Data section →
..............................

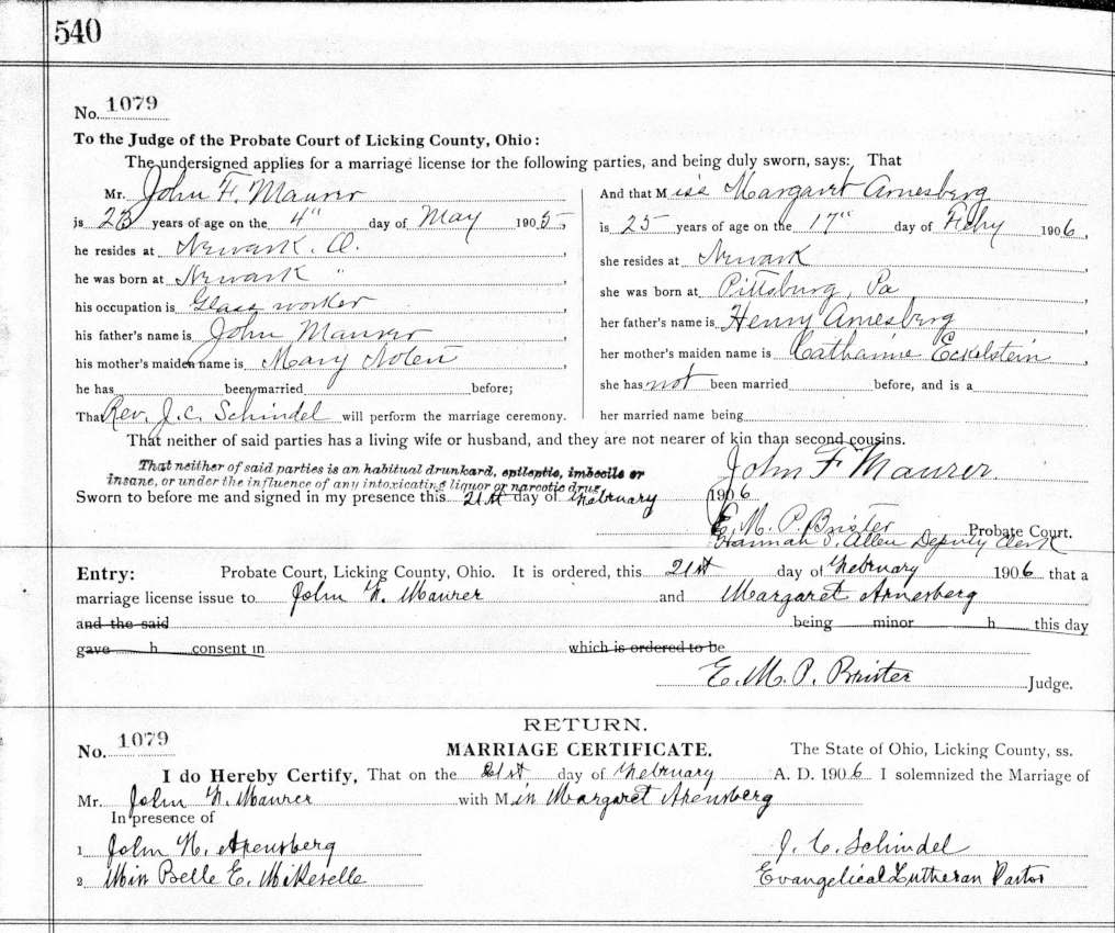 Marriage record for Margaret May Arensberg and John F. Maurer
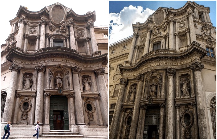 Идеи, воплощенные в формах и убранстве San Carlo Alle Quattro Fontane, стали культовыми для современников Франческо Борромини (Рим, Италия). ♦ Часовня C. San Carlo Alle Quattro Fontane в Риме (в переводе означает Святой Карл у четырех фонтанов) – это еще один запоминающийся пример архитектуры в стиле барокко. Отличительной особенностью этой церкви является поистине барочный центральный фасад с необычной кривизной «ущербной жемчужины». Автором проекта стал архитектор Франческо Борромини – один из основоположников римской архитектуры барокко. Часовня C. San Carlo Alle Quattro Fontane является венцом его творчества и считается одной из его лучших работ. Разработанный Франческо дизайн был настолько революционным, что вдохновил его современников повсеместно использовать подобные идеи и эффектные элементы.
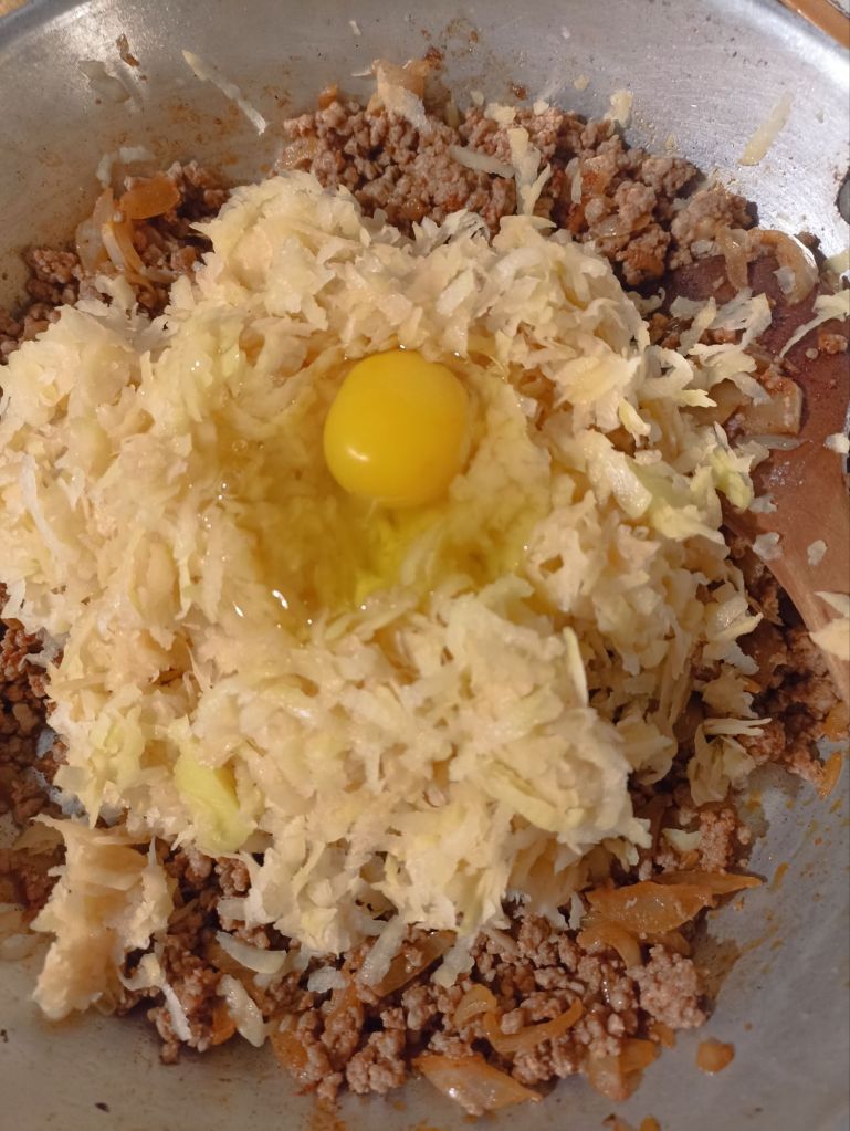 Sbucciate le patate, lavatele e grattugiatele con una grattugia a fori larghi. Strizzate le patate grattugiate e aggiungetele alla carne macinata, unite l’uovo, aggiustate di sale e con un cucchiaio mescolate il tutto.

..............................

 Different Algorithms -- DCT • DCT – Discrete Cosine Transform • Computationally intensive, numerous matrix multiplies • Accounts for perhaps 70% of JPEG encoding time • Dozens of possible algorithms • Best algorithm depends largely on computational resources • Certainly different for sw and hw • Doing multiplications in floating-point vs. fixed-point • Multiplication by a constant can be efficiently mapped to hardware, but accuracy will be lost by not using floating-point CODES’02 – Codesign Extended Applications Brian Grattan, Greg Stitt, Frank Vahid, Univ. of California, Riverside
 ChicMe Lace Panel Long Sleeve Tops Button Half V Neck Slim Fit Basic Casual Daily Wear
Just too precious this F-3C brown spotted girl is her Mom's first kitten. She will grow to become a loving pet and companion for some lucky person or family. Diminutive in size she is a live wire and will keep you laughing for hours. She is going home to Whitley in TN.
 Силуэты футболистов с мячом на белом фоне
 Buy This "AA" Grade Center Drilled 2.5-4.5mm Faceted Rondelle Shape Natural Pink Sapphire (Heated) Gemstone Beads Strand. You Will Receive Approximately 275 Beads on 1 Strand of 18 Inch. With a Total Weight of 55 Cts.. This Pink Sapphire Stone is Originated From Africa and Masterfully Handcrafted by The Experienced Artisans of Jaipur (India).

..............................

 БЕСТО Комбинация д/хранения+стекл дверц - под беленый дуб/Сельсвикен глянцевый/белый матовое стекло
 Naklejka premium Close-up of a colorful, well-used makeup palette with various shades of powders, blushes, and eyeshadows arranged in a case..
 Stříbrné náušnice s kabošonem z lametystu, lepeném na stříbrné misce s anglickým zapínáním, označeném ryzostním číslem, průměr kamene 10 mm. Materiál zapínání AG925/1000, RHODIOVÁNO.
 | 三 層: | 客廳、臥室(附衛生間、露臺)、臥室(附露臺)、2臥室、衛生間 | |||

..............................

What you are asked to do → Above are the records. Copy the lines beginning at the one that has "Naklejka premium Close-up" and ending with the one that has "客廳、臥室(附衛生間、露臺)、臥室(附露臺)、2臥室、衛生間 | |||", unchanged.

Answer →
 Naklejka premium Close-up of a colorful, well-used makeup palette with various shades of powders, blushes, and eyeshadows arranged in a case..
 Stříbrné náušnice s kabošonem z lametystu, lepeném na stříbrné misce s anglickým zapínáním, označeném ryzostním číslem, průměr kamene 10 mm. Materiál zapínání AG925/1000, RHODIOVÁNO.
 | 三 層: | 客廳、臥室(附衛生間、露臺)、臥室(附露臺)、2臥室、衛生間 | |||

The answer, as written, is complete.